☁️ Google Cloud * Speech to Text 알아보기

이 글에서 설명한 내용의 예제는 Speech To Text 버전 1.9X.XX, v1p1beta1 workspace를 사용하고 있습니다.

버전별로 포함하고 있는 기능이 상이하니 실행하실 때 꼭 참고하세요!

바로 돈을 내지 않아도 $300으 무료 크레딧을 12개월간 사용할 수 있으며, 무료 평가판 종료 후 자동 청구되지 않는다고 한다.

신용카드를 등록하게 되어 있는데 이는 자동 가입을 방지하기 이해서이며 사용자가 유료 계정으로 직접 업그레이드하지 않는 한 요금이 청구되지 않는다고 나와있다.

클라우드 음성 텍스트 Cloud Speech-to-Text

음성 텍스트(STT) 변환은 머신러닝(기계학습)을 사용하며 짧거나 긴 형식의 오디오를 사용할 수 있다.
Speech-to-text conversion powered by machine learning and available for short-form or long-form audio.

STT를 위한 문서보기 View Documentation for this product.

강력한 음성 인식 Powerful speech recognition

구글 클라우드 STT는 강력한 신경 네트워크 모델을 사용하기 쉬운 API에 적용하여 개발자가 오디오를 텍스트로 변환 할 수 있게 한다. API는 전세계 사용자들을 지원하기 위해 120개의 다양한 언어와 변형을 인식한다. 콜센터에서 오디오를 녹음하는 것 이상을 음성으로 명령하고 제어 할 수 있다. API는 구글 머신러닝 기술을 이용해 실시간 스트리밍과 사전에 녹음 된 오디오를 처리할 수 있다.

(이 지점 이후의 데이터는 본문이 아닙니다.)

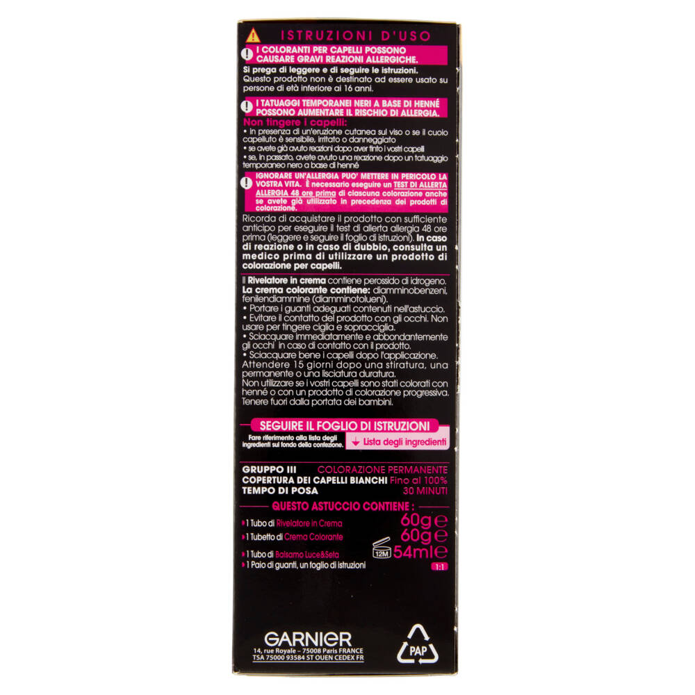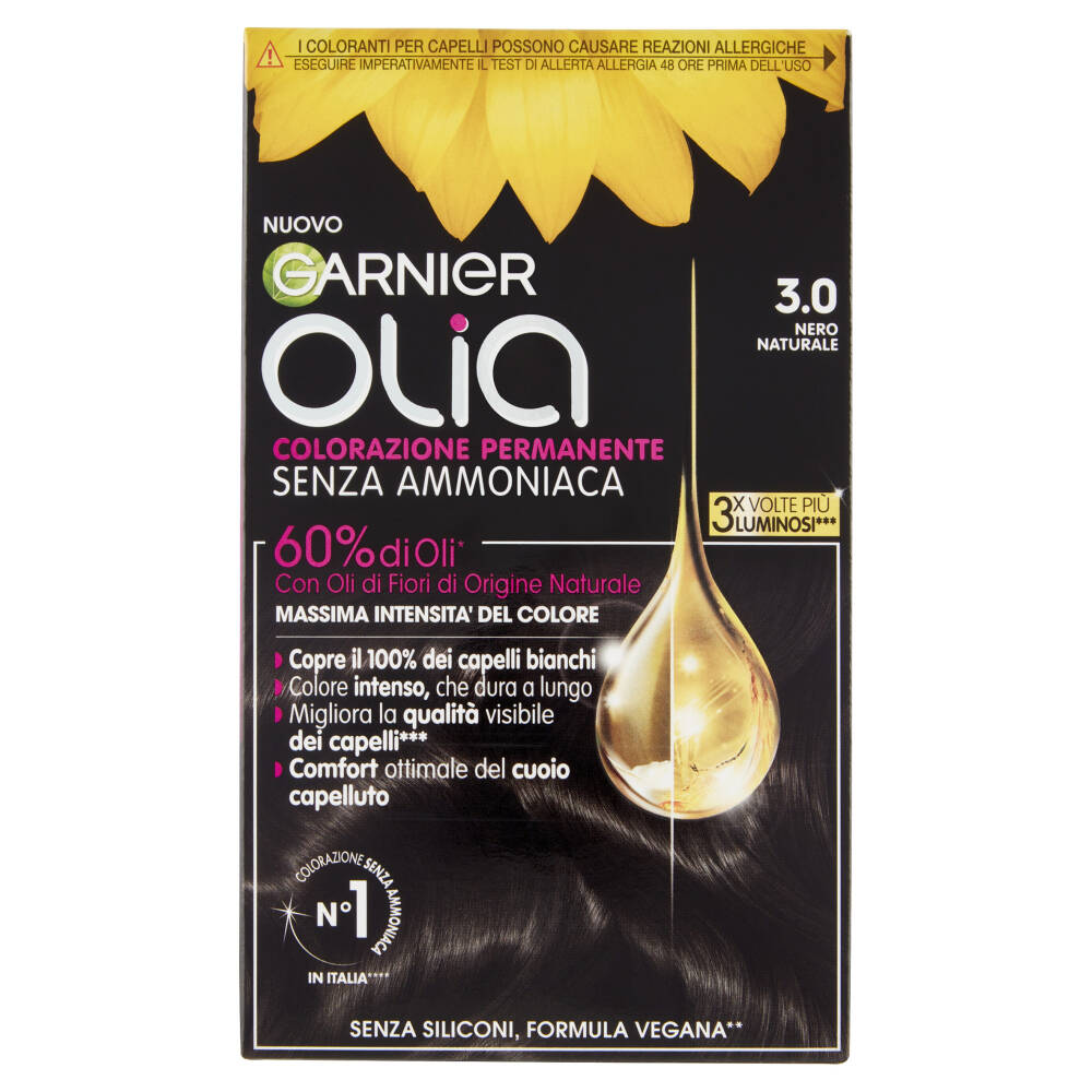 Nuovo 3.0 Nero naturale Colorazione permanente 3x Volte più luminosi*** 60% di Oli* Con Oli di Fiori di Origine Naturale Massima intensità del colore - Copre il 100% dei capelli bianchi - Colore intenso, che dura a lungo - Migliora la qualità visibile dei capelli*** - Comfort ottimale del cuoio capelluto Colorazione senza ammoniaca N°1 in Italia**** Senza siliconi, formula vegana** *nella crema colorante **Nessun ingrediente o derivato di origine animale ***test strumentali ****Fonte IRI, Totale Italia Mass Market (Ipermercati+Supermercati+Libero Servizio Piccolo+Specialisti Casa Toilette+Discount), Colorazione Senza Ammoniaca, dati a volume da 13/07/2020 a 12/07/2021
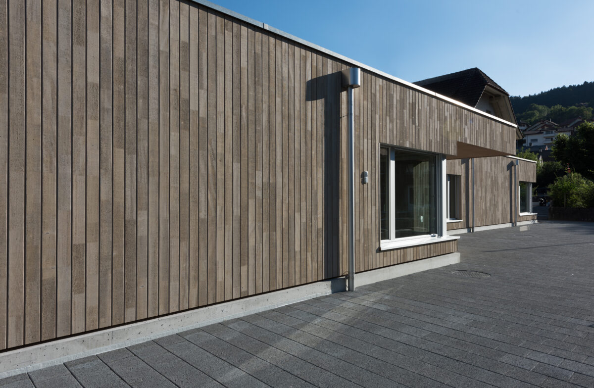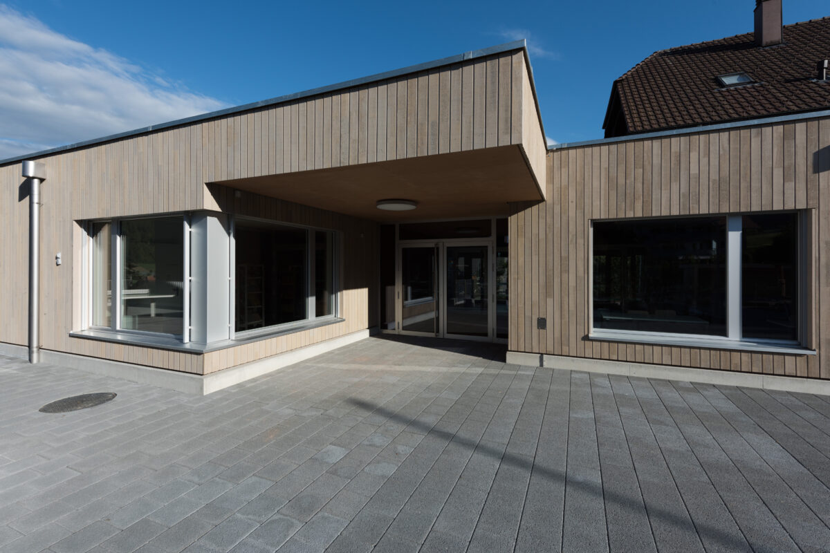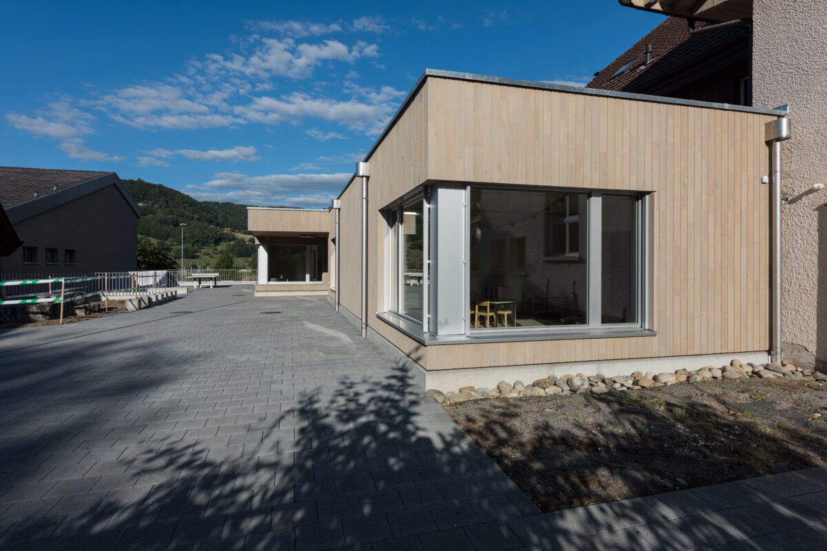 Ausgangspunkt des Projekts ist das Bedürfnis der Schule Kaufdorf nach zusätzlichen Räumen, um den heutigen Unterrichtsformen gerecht zu werden. Als Ergebnis ist neu ein moderner, eingeschossiger Holzkubus mit Betonsockel an das bestehende Schulhaus angedockt. Dieser erfüllt die Bedürfnisse am richtigen Ort und ordnet sich den Hauptbauten aus unterschiedlichen Zeitabschnitten unter. Im Erdgeschoss entstehen eine neue Tagesschule, eine Bibliothek sowie Gruppenräume. Im Sockelgeschoss ein zusätzliches Klassenzimmer und ein neuer Lehrerarbeitsbereich.

Google Cloud Speech-to-Text enables developers to convert audio to text by applying powerful neural network models in an easy-to-use API. The API recognizes 120 languages and variants to support your global user base. You can enable voice command-and-control, transcribe audio from call centers, and more. It can process real-time streaming or prerecorded audio, using Google’s machine learning technology.

클라우드 음성-텍스트 변환 기능 Cloud Speech-to-Text features

1. 자동 음성 인식 Automatic Speech Recognition

자동 음성 인식(ARS)은 음성 녹음 및 학습과 같은 응용프로그램에 강력한 신경 네트워킹을 제공한다.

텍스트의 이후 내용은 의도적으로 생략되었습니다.